• [EXERCISE INSTRUCTIONS]: Taking the line with "Hermes Halzan 31cm" as the first and the line with "DoCoMo になってしまうんだろうか? ..." as the last, set down the lines below exactly, pictures excluded.

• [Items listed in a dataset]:
%%

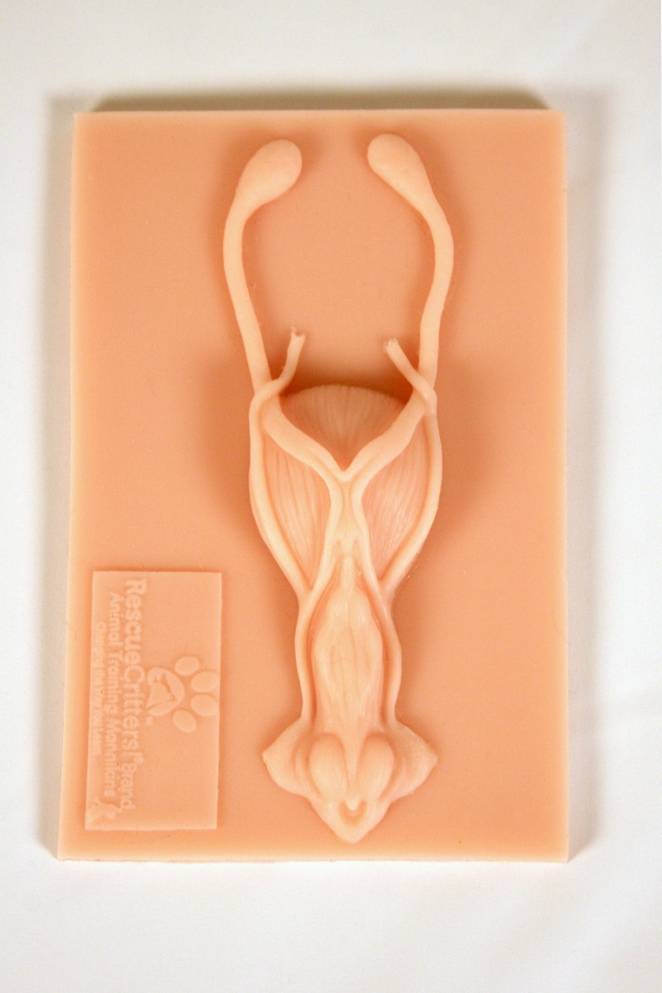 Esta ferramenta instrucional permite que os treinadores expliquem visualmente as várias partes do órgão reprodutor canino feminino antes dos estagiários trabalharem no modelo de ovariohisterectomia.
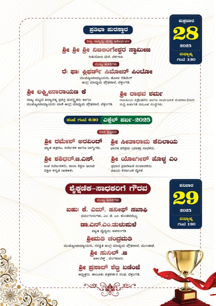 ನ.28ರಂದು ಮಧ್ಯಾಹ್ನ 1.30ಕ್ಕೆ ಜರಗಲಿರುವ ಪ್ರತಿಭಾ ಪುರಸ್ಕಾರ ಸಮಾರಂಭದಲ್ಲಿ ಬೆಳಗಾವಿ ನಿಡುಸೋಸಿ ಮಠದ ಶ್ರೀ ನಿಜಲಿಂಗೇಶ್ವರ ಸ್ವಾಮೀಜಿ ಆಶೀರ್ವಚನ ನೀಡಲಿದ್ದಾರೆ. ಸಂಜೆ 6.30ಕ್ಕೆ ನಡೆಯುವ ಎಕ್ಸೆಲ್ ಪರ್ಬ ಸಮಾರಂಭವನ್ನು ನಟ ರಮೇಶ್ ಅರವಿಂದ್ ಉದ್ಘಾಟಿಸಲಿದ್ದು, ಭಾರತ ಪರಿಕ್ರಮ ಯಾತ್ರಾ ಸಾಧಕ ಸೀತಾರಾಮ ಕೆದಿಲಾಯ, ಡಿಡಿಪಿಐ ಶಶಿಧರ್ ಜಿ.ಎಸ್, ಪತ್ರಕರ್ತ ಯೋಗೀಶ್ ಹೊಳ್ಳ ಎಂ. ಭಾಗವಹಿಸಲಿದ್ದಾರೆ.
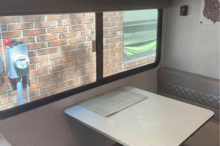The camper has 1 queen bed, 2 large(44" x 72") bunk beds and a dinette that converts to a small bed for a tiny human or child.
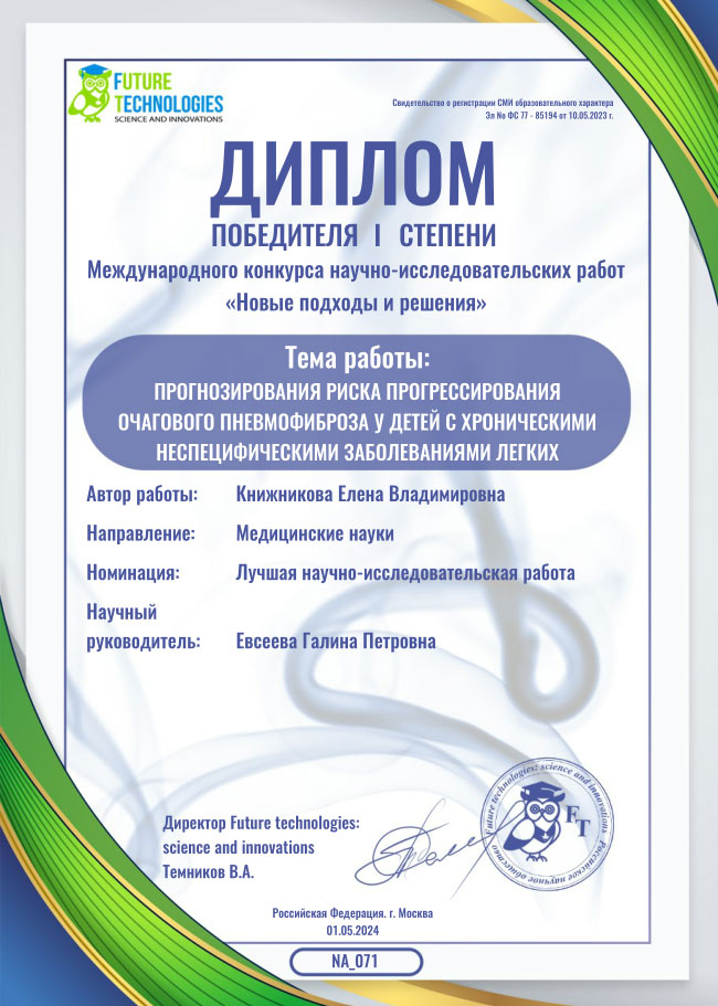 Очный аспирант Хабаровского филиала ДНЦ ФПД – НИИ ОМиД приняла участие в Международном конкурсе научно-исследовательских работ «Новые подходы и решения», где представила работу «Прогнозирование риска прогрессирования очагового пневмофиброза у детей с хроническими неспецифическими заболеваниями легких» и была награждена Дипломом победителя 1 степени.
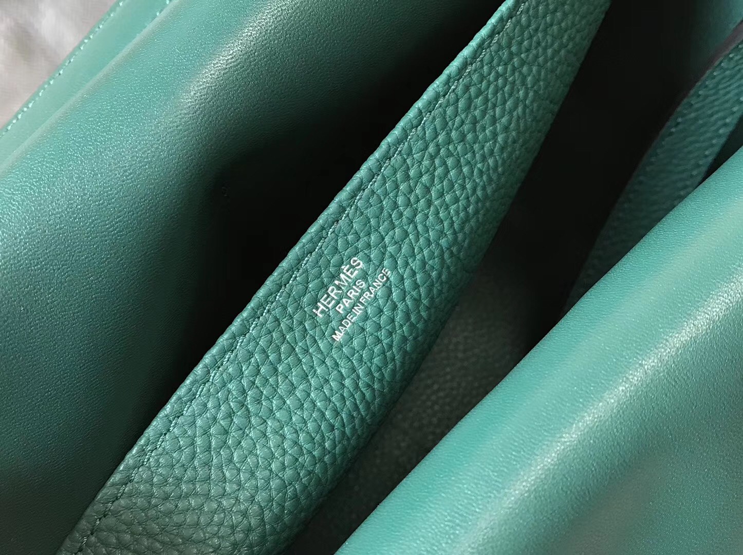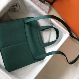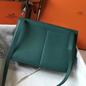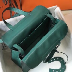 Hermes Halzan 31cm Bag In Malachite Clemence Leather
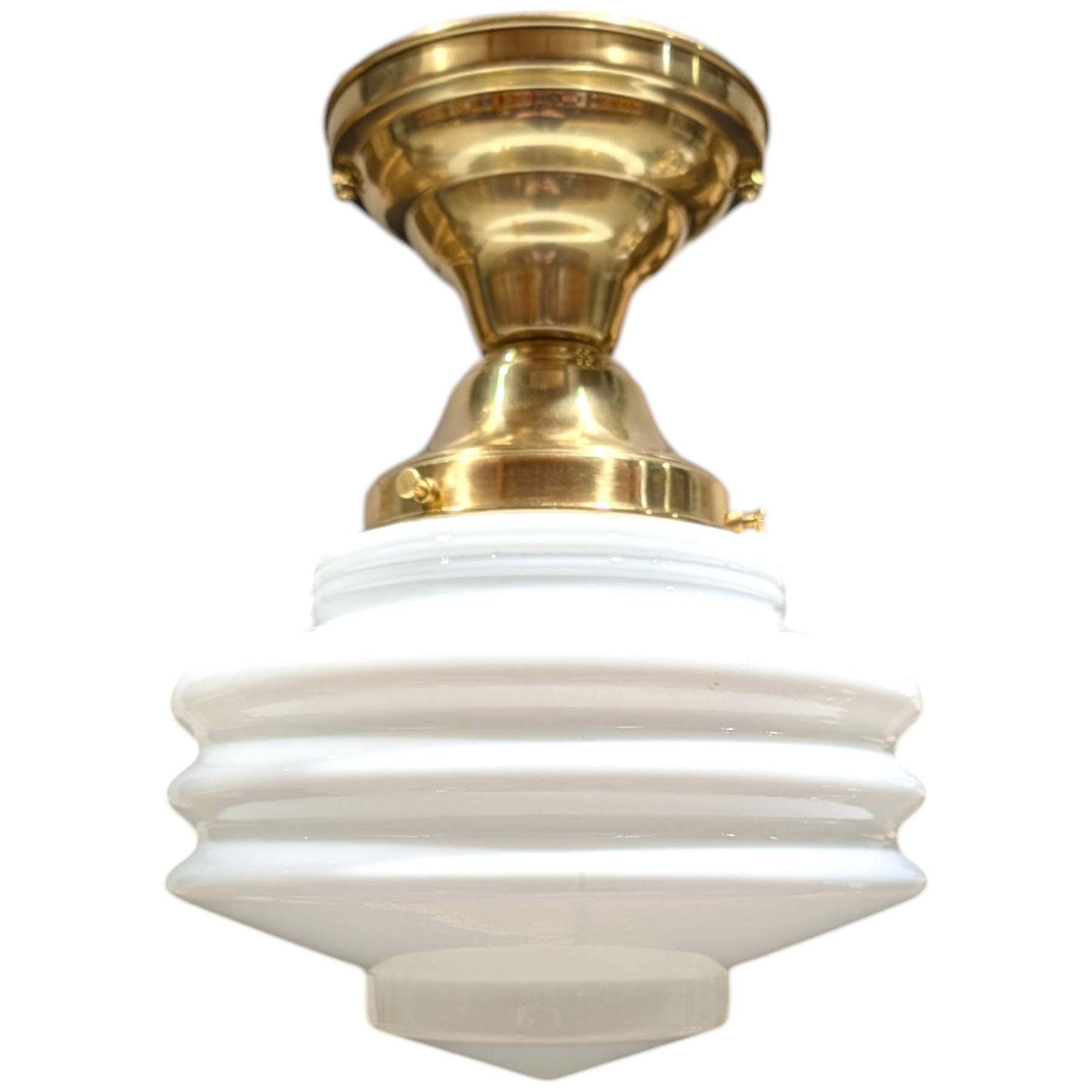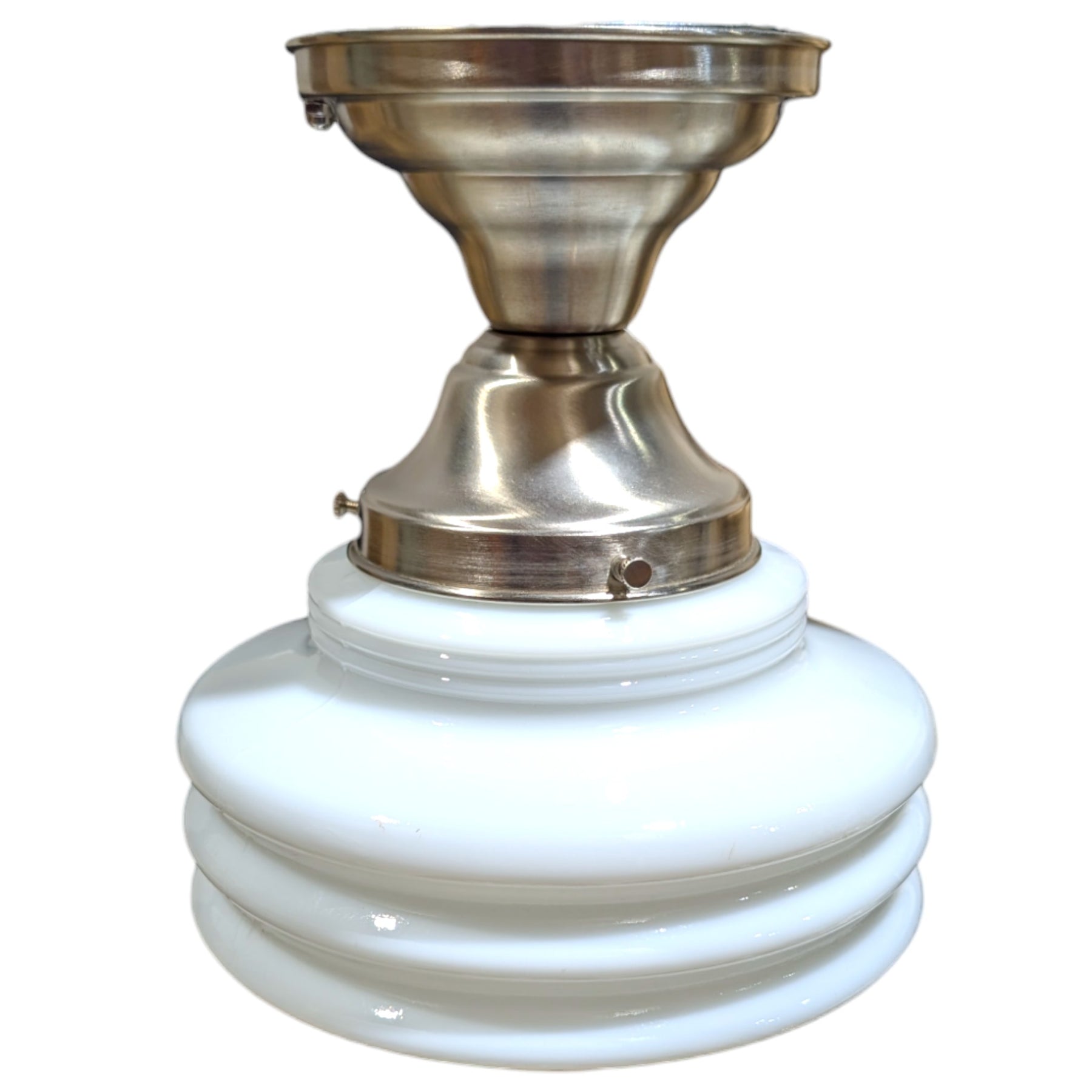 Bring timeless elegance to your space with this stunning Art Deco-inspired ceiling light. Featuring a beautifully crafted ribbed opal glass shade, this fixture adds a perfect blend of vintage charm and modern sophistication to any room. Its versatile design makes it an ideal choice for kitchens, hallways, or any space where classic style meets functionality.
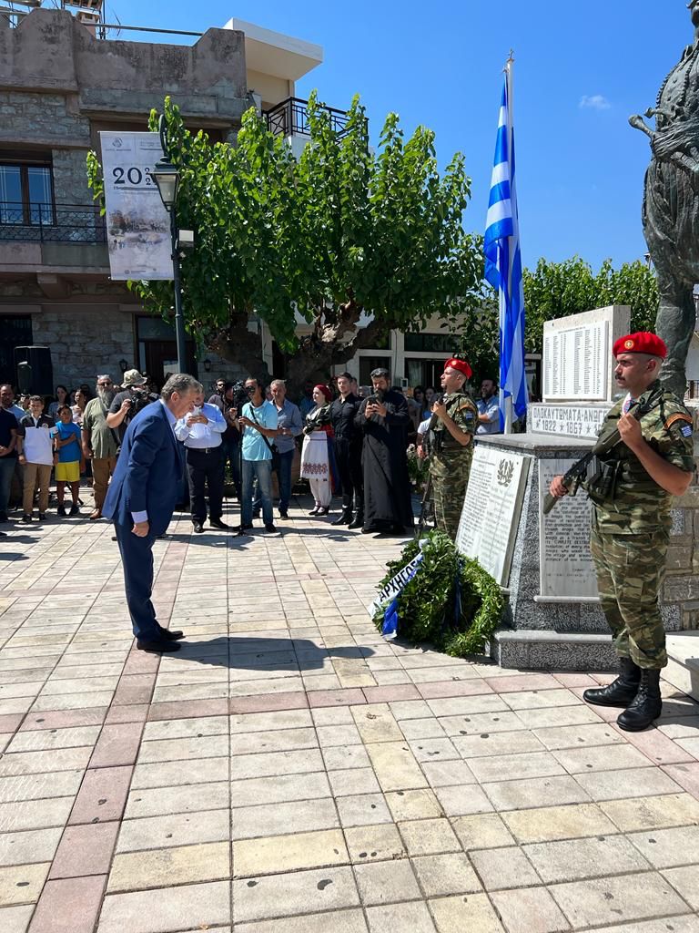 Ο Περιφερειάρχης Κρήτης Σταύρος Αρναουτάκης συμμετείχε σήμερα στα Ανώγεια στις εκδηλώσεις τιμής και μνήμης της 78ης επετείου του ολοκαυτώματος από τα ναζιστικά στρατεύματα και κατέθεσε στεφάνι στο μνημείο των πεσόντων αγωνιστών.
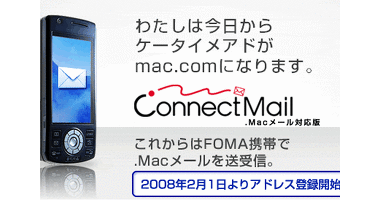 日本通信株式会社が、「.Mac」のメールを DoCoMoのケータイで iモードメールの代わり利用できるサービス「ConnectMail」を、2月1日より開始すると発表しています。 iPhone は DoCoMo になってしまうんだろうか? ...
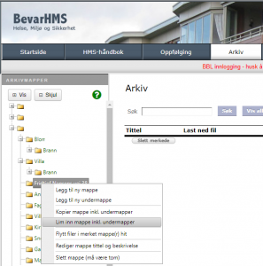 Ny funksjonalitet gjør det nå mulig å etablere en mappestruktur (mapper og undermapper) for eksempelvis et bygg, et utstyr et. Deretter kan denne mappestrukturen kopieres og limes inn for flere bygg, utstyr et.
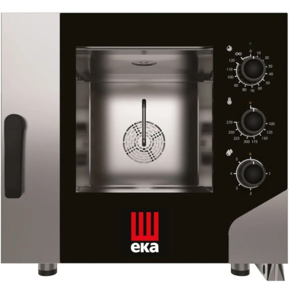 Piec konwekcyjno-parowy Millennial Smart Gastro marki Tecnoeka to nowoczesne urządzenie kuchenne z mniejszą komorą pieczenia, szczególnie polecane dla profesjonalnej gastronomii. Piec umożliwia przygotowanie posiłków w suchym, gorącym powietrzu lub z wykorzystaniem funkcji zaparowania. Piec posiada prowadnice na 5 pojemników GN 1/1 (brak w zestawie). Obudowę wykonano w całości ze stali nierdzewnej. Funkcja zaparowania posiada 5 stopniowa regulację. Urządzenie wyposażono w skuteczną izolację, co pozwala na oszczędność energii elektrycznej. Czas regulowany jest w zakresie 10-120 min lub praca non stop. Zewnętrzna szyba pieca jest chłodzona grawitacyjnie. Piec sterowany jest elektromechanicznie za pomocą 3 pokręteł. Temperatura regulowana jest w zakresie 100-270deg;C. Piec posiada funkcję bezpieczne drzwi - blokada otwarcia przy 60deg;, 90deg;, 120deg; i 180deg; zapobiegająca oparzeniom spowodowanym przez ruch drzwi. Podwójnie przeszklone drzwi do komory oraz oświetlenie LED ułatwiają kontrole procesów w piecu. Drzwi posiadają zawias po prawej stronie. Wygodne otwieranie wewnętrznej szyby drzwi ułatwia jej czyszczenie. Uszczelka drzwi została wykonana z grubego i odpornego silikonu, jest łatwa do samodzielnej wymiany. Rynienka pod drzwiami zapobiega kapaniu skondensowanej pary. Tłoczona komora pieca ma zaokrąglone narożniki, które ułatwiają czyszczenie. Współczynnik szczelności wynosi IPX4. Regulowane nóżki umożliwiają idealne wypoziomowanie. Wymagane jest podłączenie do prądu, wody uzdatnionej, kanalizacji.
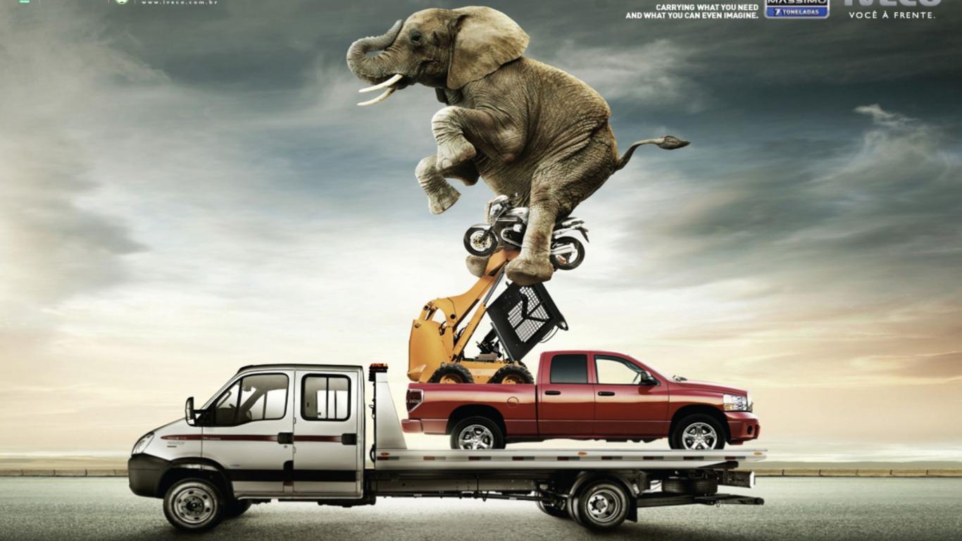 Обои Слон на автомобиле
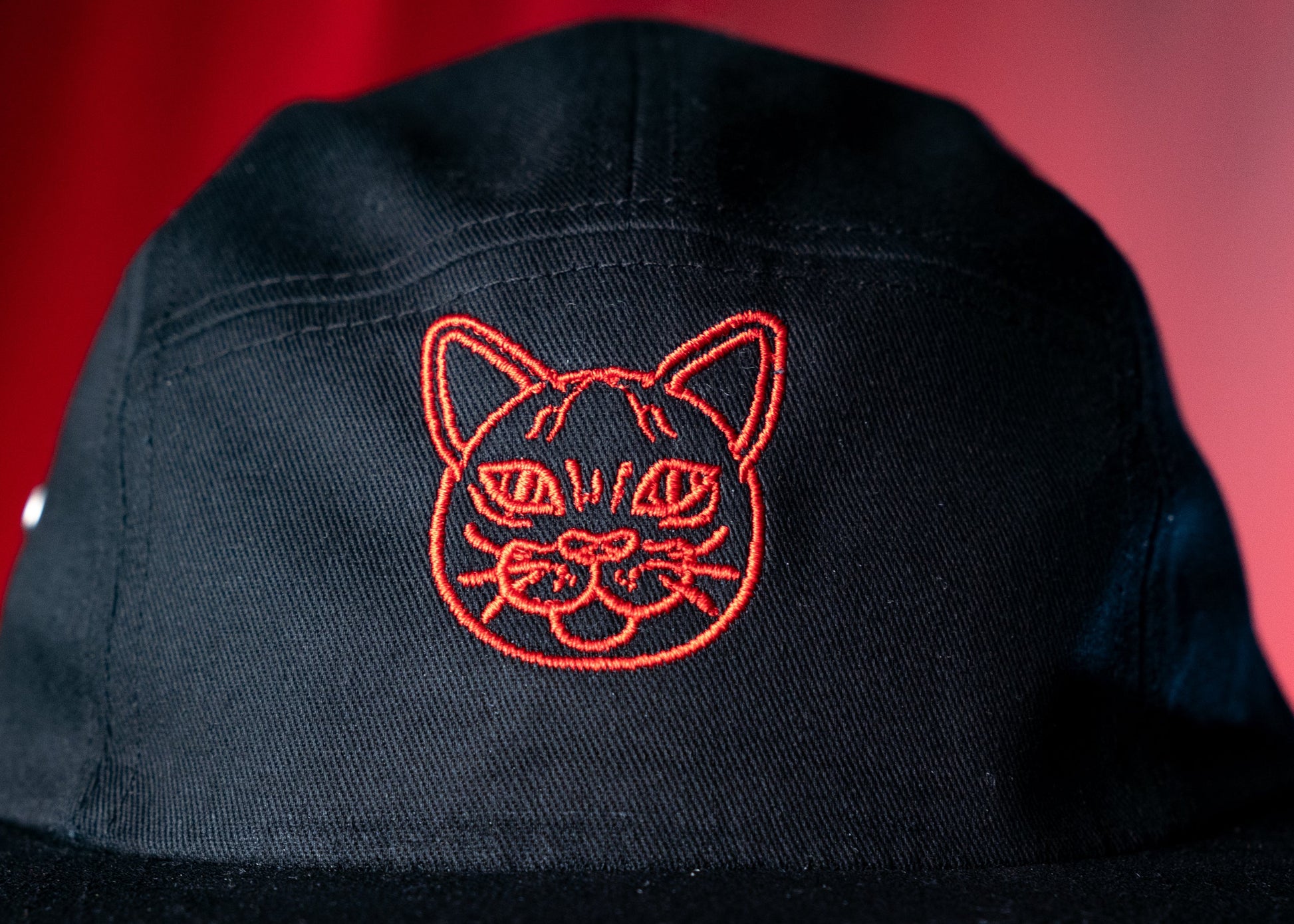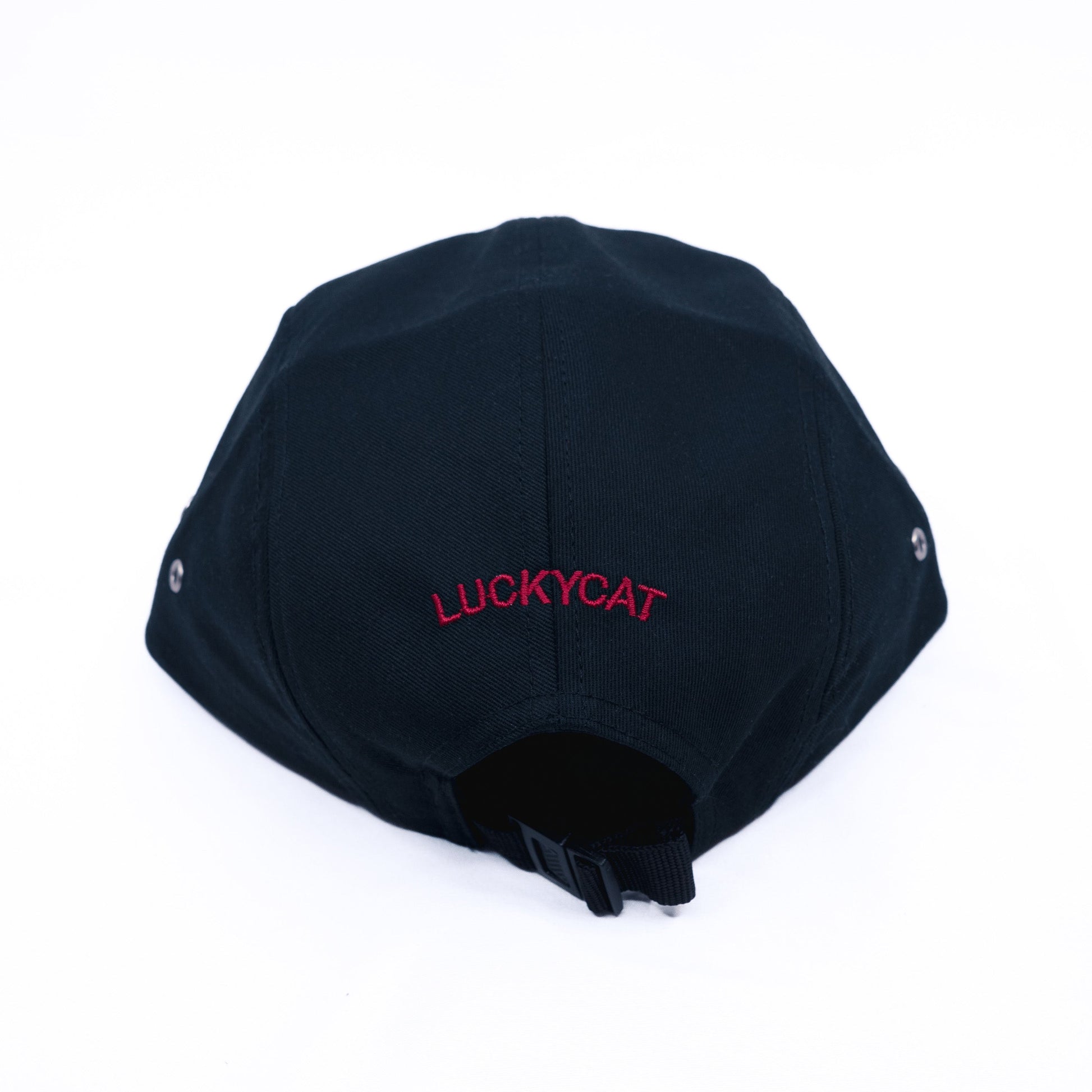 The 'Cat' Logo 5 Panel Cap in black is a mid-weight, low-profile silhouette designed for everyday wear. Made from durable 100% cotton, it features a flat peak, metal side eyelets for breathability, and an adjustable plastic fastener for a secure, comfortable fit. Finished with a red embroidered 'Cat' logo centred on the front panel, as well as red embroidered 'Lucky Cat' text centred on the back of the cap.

%%

• [PROBLEM SOLUTION]:
 Hermes Halzan 31cm Bag In Malachite Clemence Leather
 Bring timeless elegance to your space with this stunning Art Deco-inspired ceiling light. Featuring a beautifully crafted ribbed opal glass shade, this fixture adds a perfect blend of vintage charm and modern sophistication to any room. Its versatile design makes it an ideal choice for kitchens, hallways, or any space where classic style meets functionality.
 Ο Περιφερειάρχης Κρήτης Σταύρος Αρναουτάκης συμμετείχε σήμερα στα Ανώγεια στις εκδηλώσεις τιμής και μνήμης της 78ης επετείου του ολοκαυτώματος από τα ναζιστικά στρατεύματα και κατέθεσε στεφάνι στο μνημείο των πεσόντων αγωνιστών.
 日本通信株式会社が、「.Mac」のメールを DoCoMoのケータイで iモードメールの代わり利用できるサービス「ConnectMail」を、2月1日より開始すると発表しています。 iPhone は DoCoMo になってしまうんだろうか? ...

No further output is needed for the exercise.